Data for review>
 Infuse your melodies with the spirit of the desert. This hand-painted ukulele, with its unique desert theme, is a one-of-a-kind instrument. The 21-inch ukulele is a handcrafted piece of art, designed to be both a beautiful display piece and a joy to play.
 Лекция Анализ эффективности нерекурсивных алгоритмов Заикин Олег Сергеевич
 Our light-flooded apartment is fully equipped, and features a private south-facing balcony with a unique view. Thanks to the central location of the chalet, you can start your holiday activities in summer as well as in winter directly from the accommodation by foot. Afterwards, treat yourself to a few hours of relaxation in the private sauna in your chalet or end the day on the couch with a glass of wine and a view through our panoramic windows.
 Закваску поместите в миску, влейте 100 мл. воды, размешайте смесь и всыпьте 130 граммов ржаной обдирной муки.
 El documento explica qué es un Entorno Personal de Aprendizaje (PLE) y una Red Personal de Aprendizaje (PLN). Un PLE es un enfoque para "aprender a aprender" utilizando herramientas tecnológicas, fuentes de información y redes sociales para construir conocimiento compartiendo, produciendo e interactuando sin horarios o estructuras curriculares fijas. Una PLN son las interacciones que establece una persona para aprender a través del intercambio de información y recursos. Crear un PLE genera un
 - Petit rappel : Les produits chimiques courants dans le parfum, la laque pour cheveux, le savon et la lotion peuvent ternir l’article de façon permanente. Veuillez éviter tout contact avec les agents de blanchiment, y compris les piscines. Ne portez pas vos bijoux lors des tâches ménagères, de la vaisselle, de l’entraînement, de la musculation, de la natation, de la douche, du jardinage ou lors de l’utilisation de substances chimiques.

...

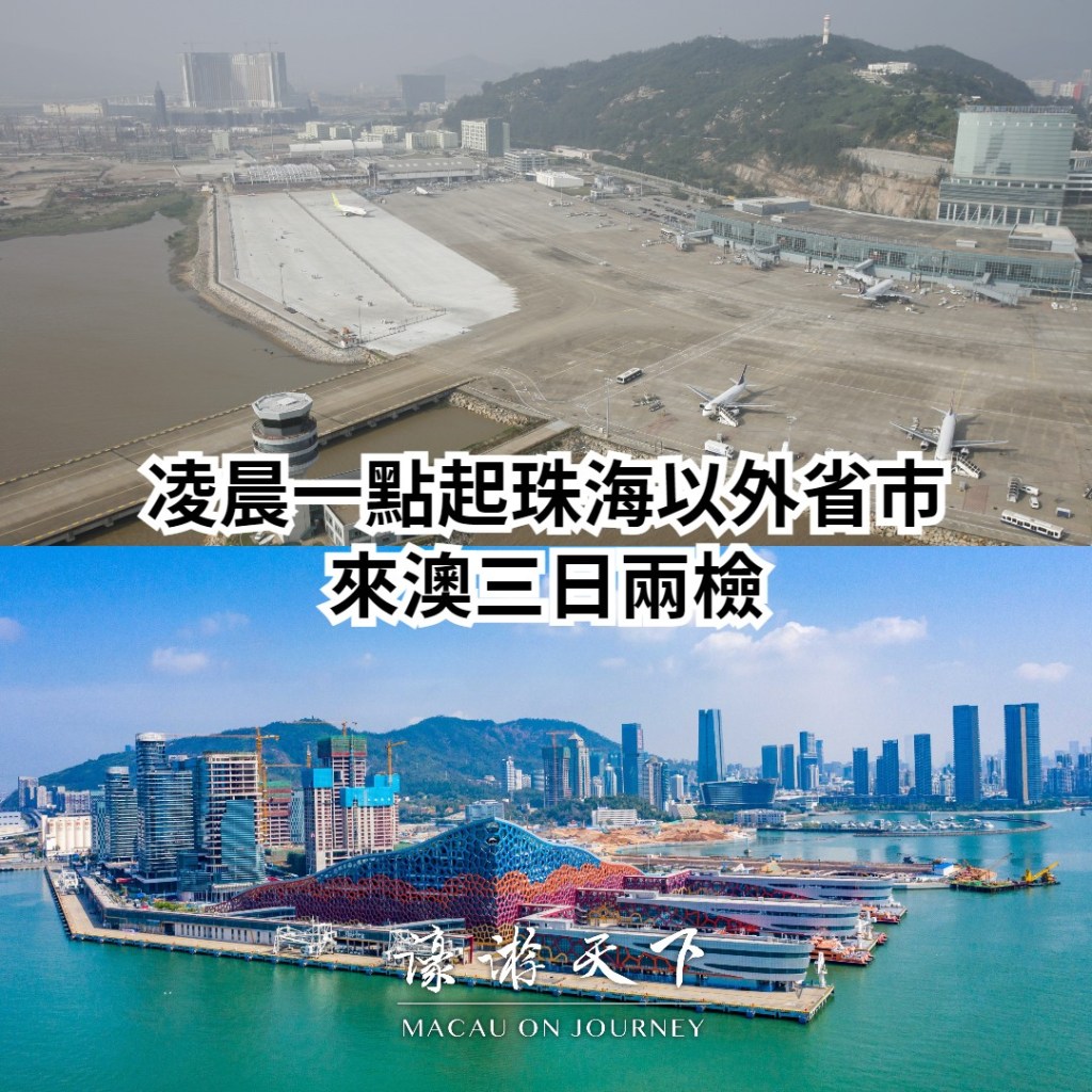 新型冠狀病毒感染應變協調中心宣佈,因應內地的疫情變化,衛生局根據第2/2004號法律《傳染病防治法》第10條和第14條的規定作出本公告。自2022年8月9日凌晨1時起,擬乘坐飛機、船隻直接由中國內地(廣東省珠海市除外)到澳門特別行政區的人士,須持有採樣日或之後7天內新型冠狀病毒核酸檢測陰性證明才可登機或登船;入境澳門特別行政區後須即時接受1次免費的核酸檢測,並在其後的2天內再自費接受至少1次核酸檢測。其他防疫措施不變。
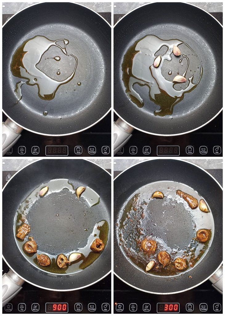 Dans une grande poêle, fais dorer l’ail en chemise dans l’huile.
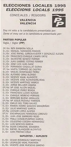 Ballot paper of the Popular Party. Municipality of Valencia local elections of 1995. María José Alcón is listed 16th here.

What you need to do> Above are the records; copy exactly the lines from the line with "Infuse your melodies" through the line with "Лекция Анализ эффективности", both included.

Result>
 Infuse your melodies with the spirit of the desert. This hand-painted ukulele, with its unique desert theme, is a one-of-a-kind instrument. The 21-inch ukulele is a handcrafted piece of art, designed to be both a beautiful display piece and a joy to play.
 Лекция Анализ эффективности нерекурсивных алгоритмов Заикин Олег Сергеевич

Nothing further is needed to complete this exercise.